Generating good data for linear regression

88 Views Asked by At

I would like to generate a good big data set for a linear regression exercise for my students. We will try to explain the salary (continuous variable) of 50 people in terms of their results high school results (/20, we suppose that those are continuous) in 5 subjects, for example maths, physics, chemistry, English, German.

What I mean by a good data set is:

-It satisfies usual conditions for linear regression

-It has some logic to it, that is if you're good in maths, you're likely to be good in physics , and not bad in chemistry. If you're extremely good in a few subjects, then you'll unlikely fail an exam (<10/20).

-Not obvious, so students can see the importance of the linear regression. What I mean is that if I generate 1 vector of salary, 5 vectors of results, and for each vector, order it from the smallest value, to the highest and put all of them in a matrix, we don't really need linear regression to see a pattern, it is too obvious.

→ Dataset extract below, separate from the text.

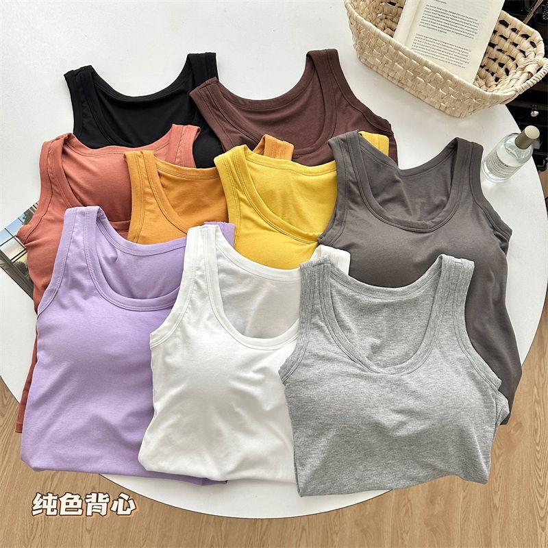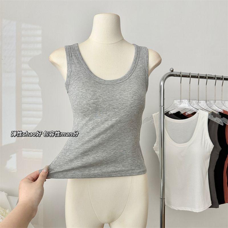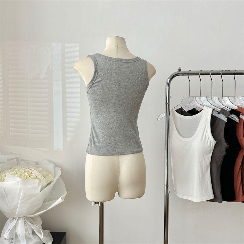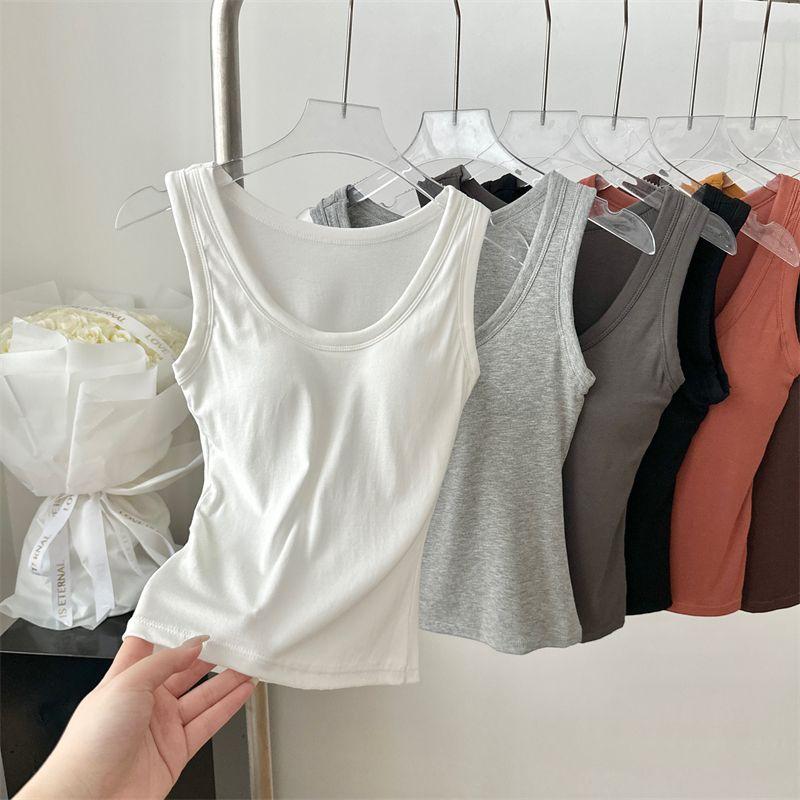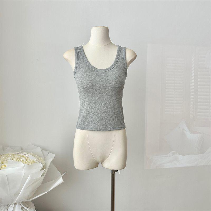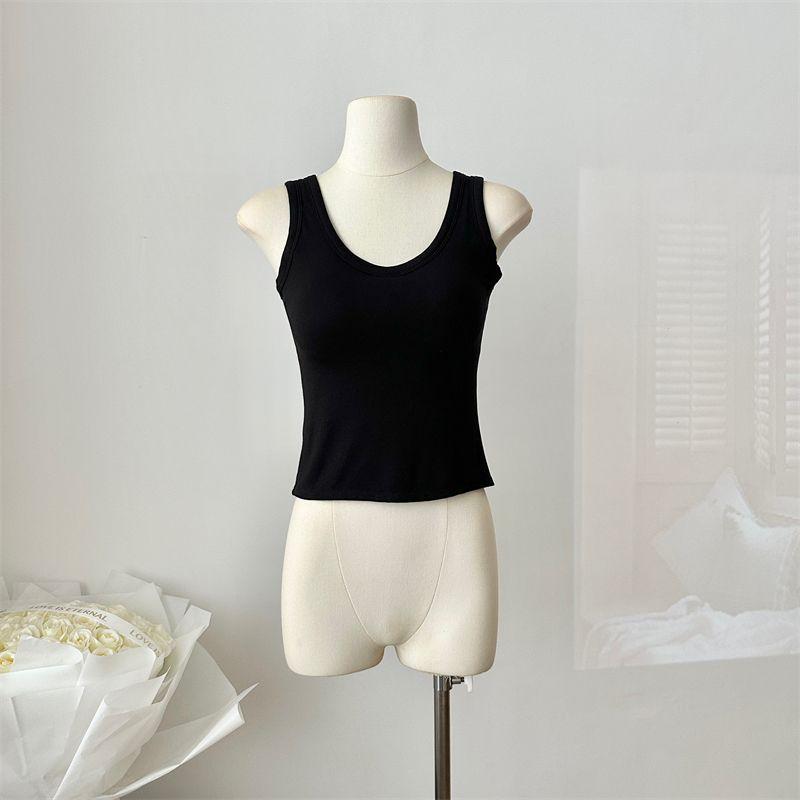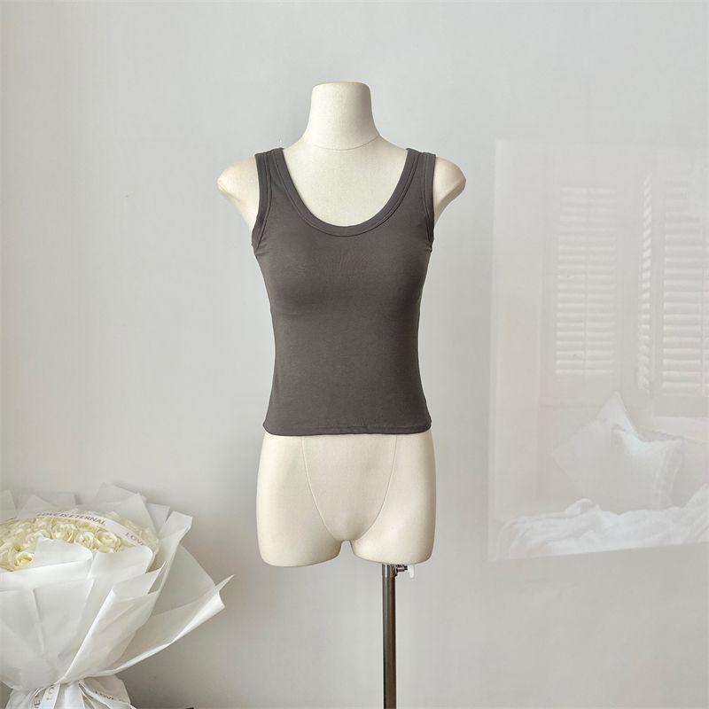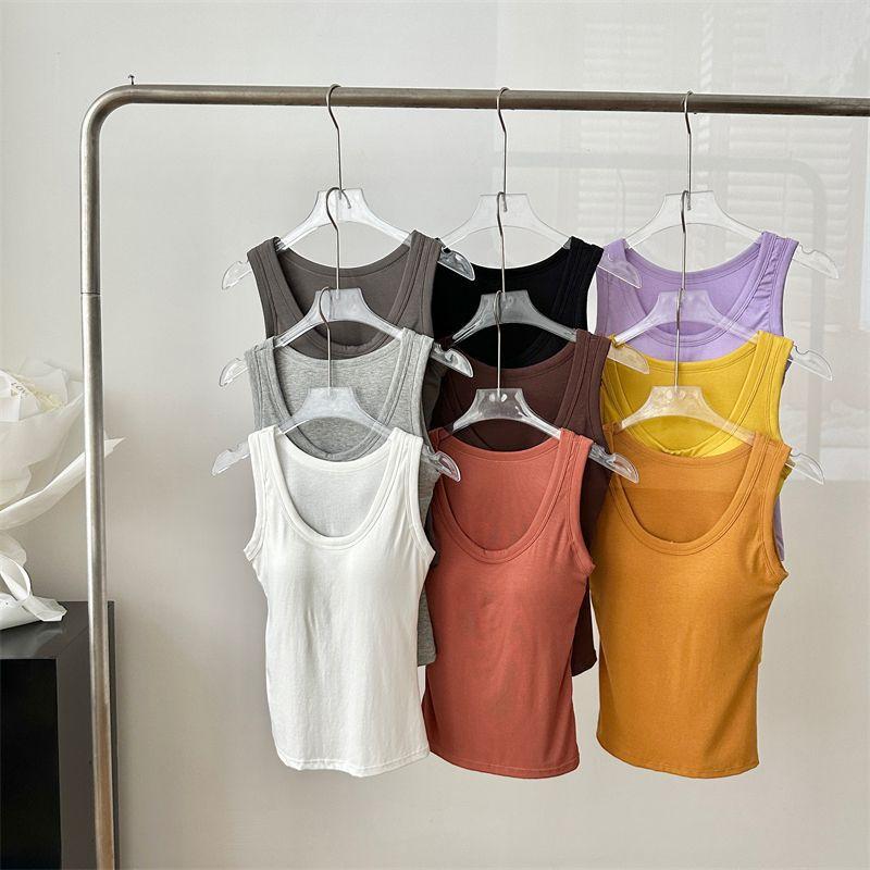 Camisola de Mujer Verano Nuevo Versátil Sin Mangas Camiseta Base Ajustada Ropa Exterior Adelgazante Top de Color Puro con Almohadilla en el Pecho Trendy

Does a tool exists for such generation ? How can one proceed ? Preferably in R or matlab.

1

There are 1 best solutions below

0
On BEST ANSWER

You can start with something like this and then fine tune the parameters to get the "perfect" data set

x_1 = round( rnorm(50, 11, 4), 0 )

x_2 = round( 4 + 0.6 * x_1 + rnorm(50, 0, 2), 0 )

x_3 = round( 0.5 * x_2 + 0.5 * x_2 + rnorm(50, 0, 2), 0) 

x_4 = round( x_1 + rnorm(50, 0, 2), 0)

x_5 = round( - 0.5 * x_1 + 0.5 * x_2 + 0.2 * x_3 + rnorm(50, 10, 3), 0 )

y   = round( 0.3 * x_1 - 0.3 * x_2 + 0.3 * x_3 + 0.7 * x_4 + rnorm(50, 0, 2), 0 )

m1  = lm( y ~ x_1 + x_2 + x_3 + x_4 + x_5 )

data1 = cbind(y, x_1, x_2, x_3, x_4, x_5)

data1 = ifelse(data1 < 1, 1, data1)
data1 = ifelse(data1 > 20, 20, data1)